In my opinion, although both properties are currently operating, as a real estate appraiser, I'm valuing only the real estate, not the business. I'm looking for opinions and/or suggestions on valuing this property. The way I want to go about it, is research market rents for the laundromat based on similar buildings that could be used as a laundromat, and apply the "rent" to the laundromat in the income approach.
 
What is the highest and best use? Is it most likely to be purchased by another owner operator who would continue to run both businesses as a single economic entity? If so they will be purchasing an operating business and therefore the real estate will only be a portion, albeit probably the majority. In order to provide credible results you will likely need to determine the value as a going concern based on the income generated by the businesses and then allocate that between the real estate, FF&E, and any business value/intangible value. It is entirely possible that the FF&E is depreciated to the point where it's only worth a small amount and there is little or no business value. However, if you try to look solely at the real estate and ignore the business you could end up undervaluing the property whereas the last appraiser might have overvalued it. Ultimately the highest and best use might be to clear the improvements and sell the land. Those little freestanding car washes seem to be going the way of the dinosaur around here with new express tunnel car washes being built instead that might costs $5-6 and get the job done in a few minutes.

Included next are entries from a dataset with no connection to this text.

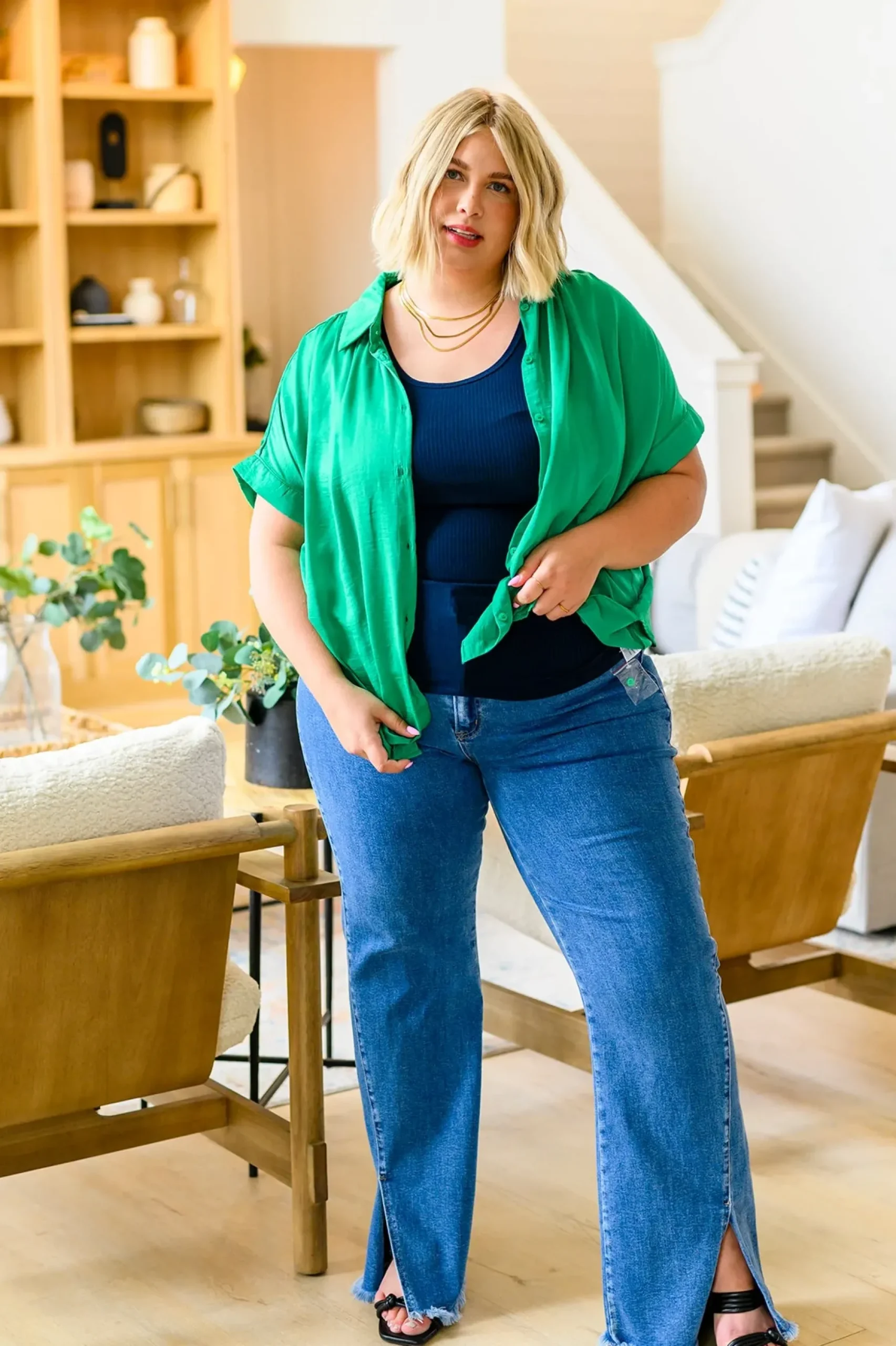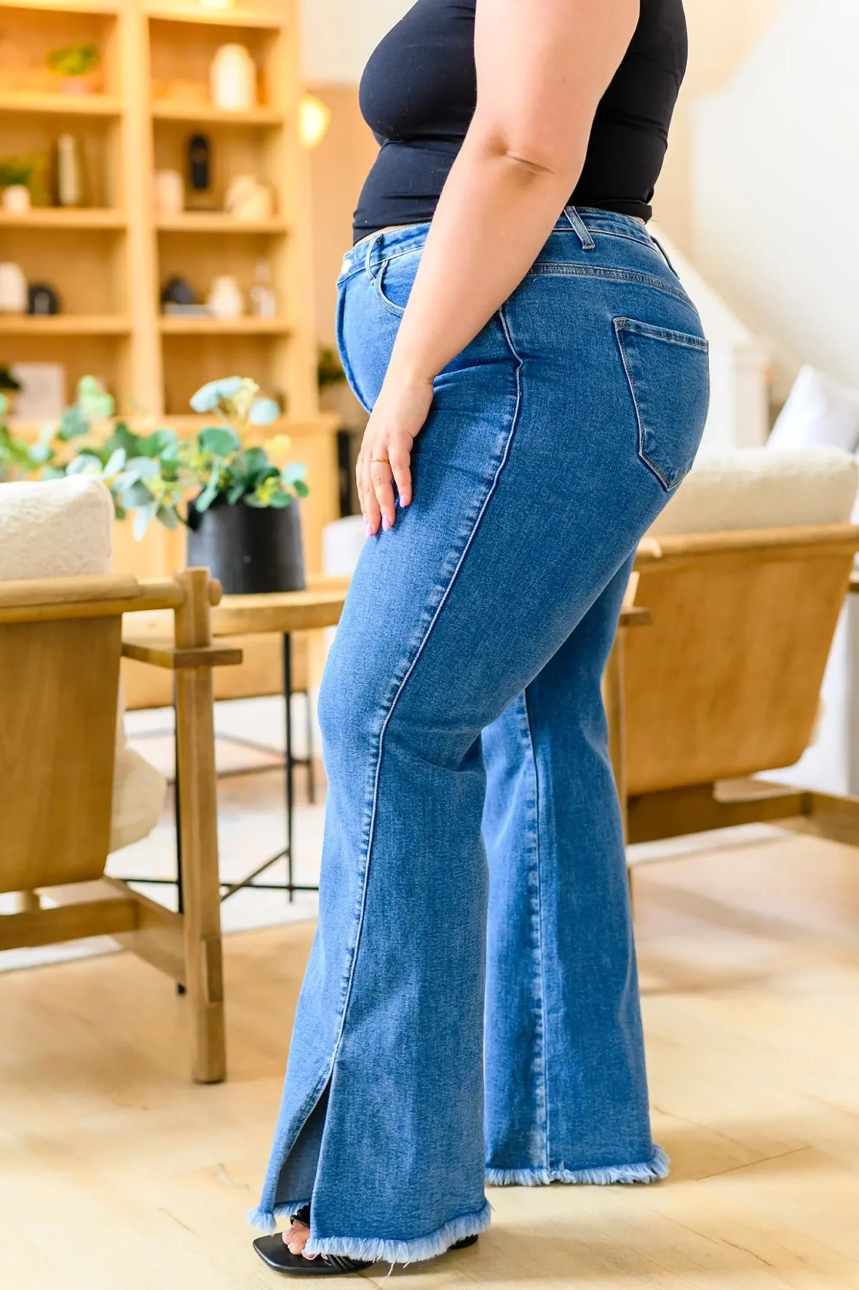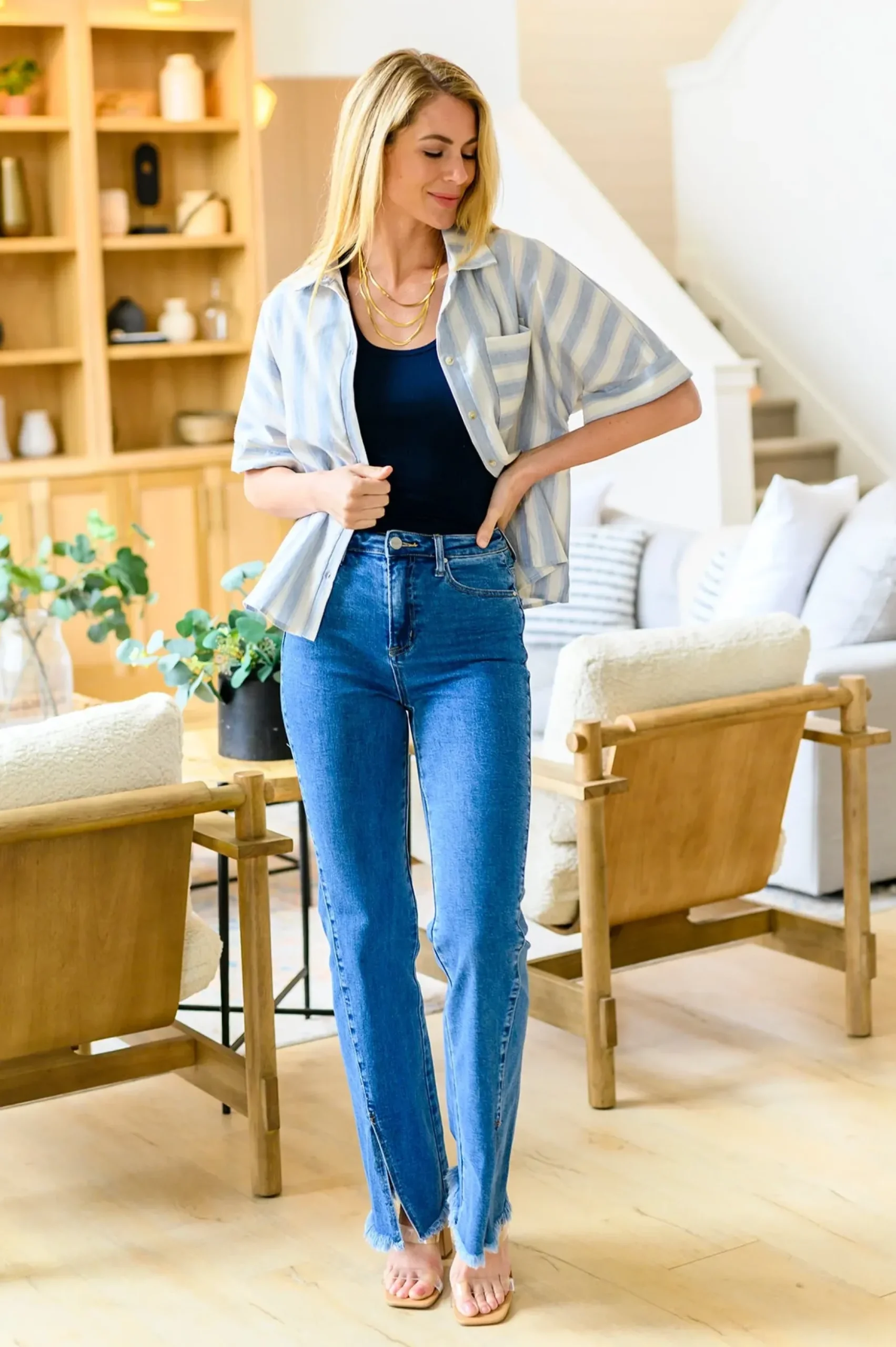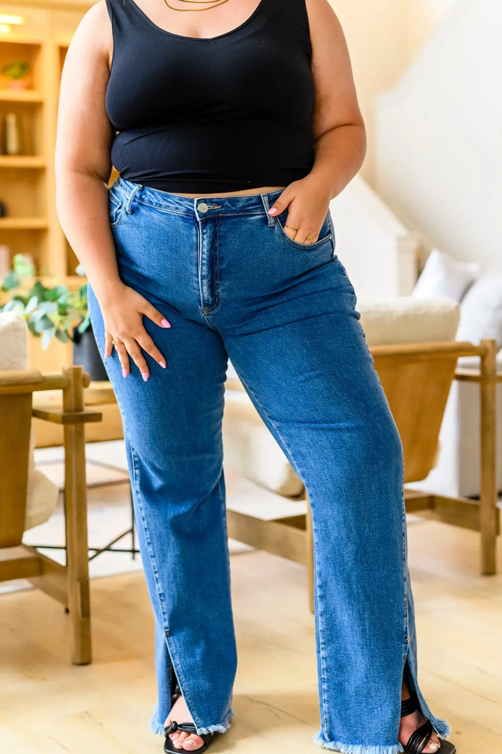 Introducing the Caitlin High Rise Split Hem Straight Jeans, our modern and stylish jeans with a vintage wash offering maximum comfort. Featuring a high rise, the relaxed straight cut design and front slits give a subtle bootcut flare ending in a raw hem. Look and feel amazing in these fashionable jeans!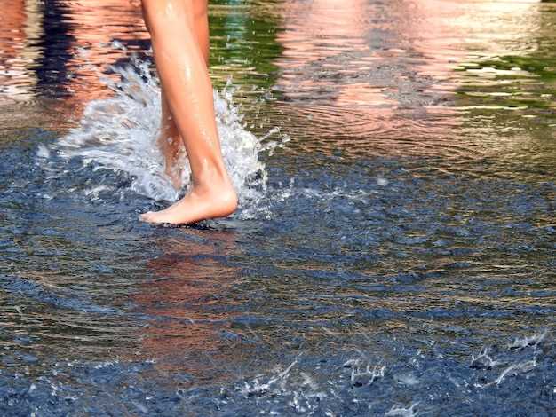 Marcher pieds nus dans les flaques d’eau.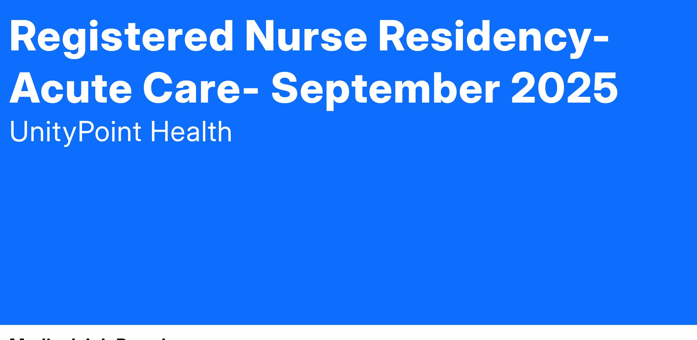 All newly licensed RNs with less than six months of acute RN experience at the time of application are required to participate in the RN Residency program. Newly licensed nurses must apply for the Registered Nurse Residency position.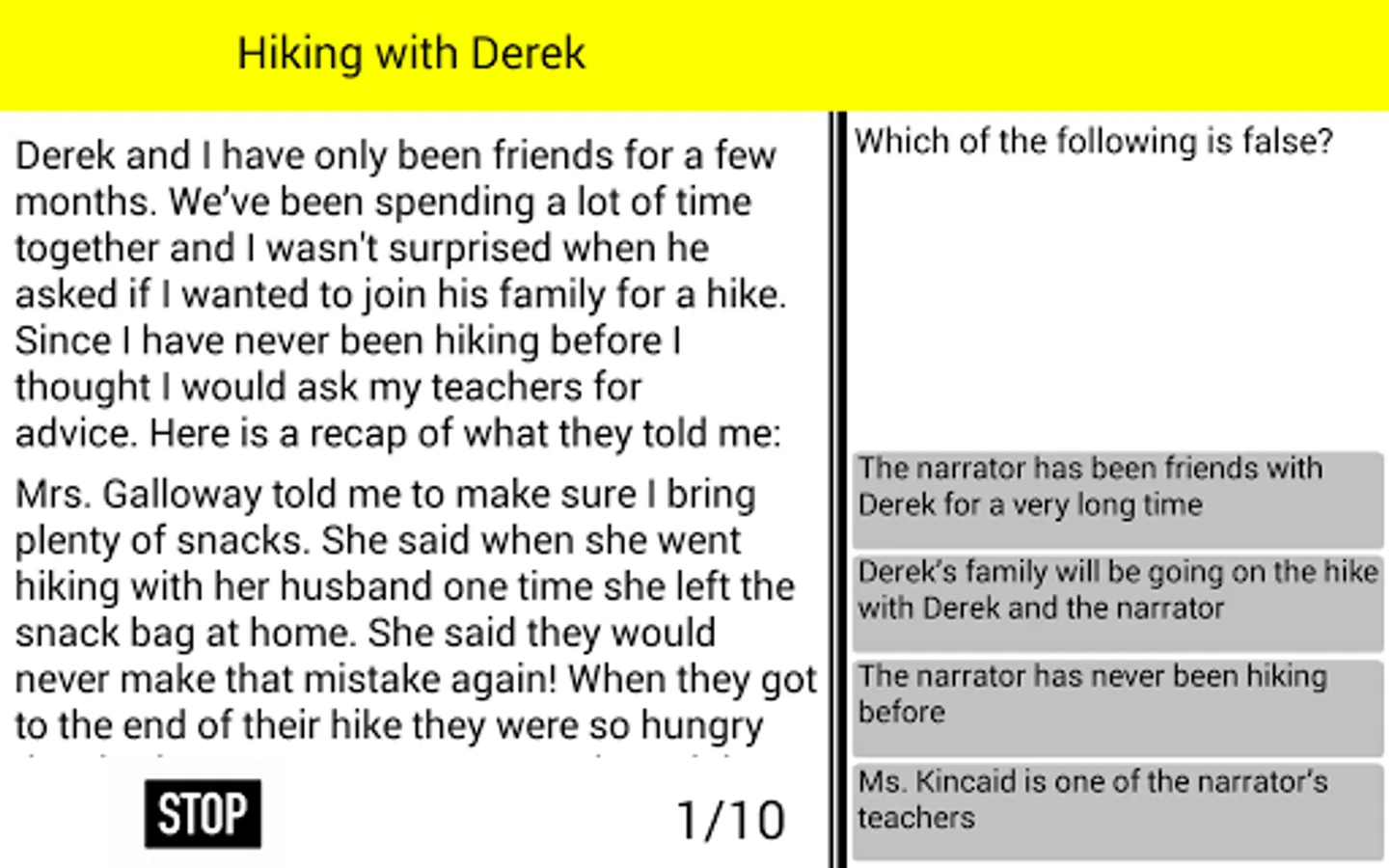 - Read through a range of different stories and test your comprehension with a variety of questions about the selected passages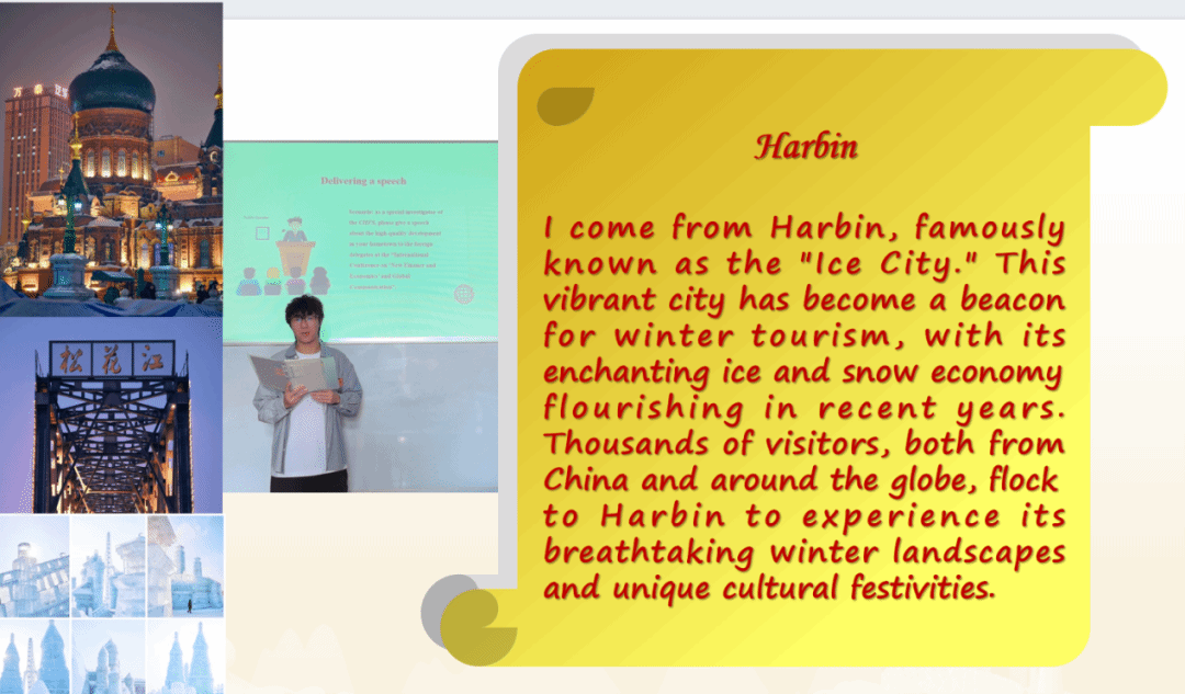 我们的课程设计选择了《理解当代中国:英语演讲教程》第七单元“Promoting High-quality Development(推动高质量发展)”。在这个单元,学生能学习和掌握与中国高质量经济发展相关的英文表达,也能复习和实践英文演讲。但与其他参赛队伍不同,我们更希望在传授英语知识的同时,让学生深入观察自己所处的社会环境,感悟中国经济发展历程中的关键节点与伟大成就,增强民族自豪感和责任感。因此,我们设计了让学生用英语讲述自己家乡发展故事的环节。我至今仍记得在课上,有个学生谈起云南楚雄的生态发展时,眼中闪烁的光芒。也有学生很自豪地讲述了北京电子商务的高速发展。学生们用身边案例讲述着中国高质量发展的故事,也向世界更好地传播中国方案和中国声音。那一刻,我真正理解了什么是“有温度的教学”。

I appraised a proposed car wash a couple of years ago (express tunnel type) and at that time I utilized a gross income multiplier of 3.25 to 3.50. I'm not sure what sort of multiplier you would get for a Laundromat and how much synergy there is between those two businesses. I have seen a few similar properties where there was a car wash and self-storage. A prospective buyer might demand a discount for purchasing two distinct businesses/two different types of property.
 
Thanks for the reply Michael. The car wash equipment is in good, working condition, and the property is located in a small rural town, where currently it is the only operating car wash. Here is my concern as a real estate appraiser. The appraisal is for the bank, and is for mortgage loan purposes. The highest and best use is the continued operation of the property as a car wash and a laundromat. Here is my concern. A car wash is a special use property and the "income" generated from the car wash is really business income and not property income (rent). I feel that if you attempt to value the car wash in the income approach using the business income, that will result in a value that is not a true indication of the property value. If the bank makes a loan based on the appraised value, which is based on the business income, what happens if the bank ends up with the property? The bank can't operate the car wash. To me, the big confusion is the identification of the income. For example, an apartment building collects rent, which is directly attributed to the real estate. But you can't find car washes that are "rented" as I'd say almost all are owner operated. So the "income" that a car wash produces is based on the business. In other words, we don't value a big box retail building based on the income of the business using the building, we value it based on market rents. My subject property is showing to be profitable and it is the highest and best use. I'm thinking the best thing to do is to clearly communicate that this is the value of the real estate only, (including the equipment for car wash and laundromat), but not the "going concern" value of the business. I would think that should be valued by a CPA.
 
Car washes typically sell as going concerns. Do you think that a buyer will not examine the prior performance before purchasing? Car wash brokers cite gross sales and EBITDA multipliers/ cap rates on how these properties sell. I have heard of some car washes that sold based on leased fee interests, but without knowing your market, I'm guessing that's not the best route and the rents that you extract might not be market oriented anyways. The income approach is a vital method of valuing these properties.
 
I typically only use the cost approach and sales comparison approach,
And are those sale comps of operating car wash facilities? So how is it that you extract the portion of the price allocated to the going concern in those transactions?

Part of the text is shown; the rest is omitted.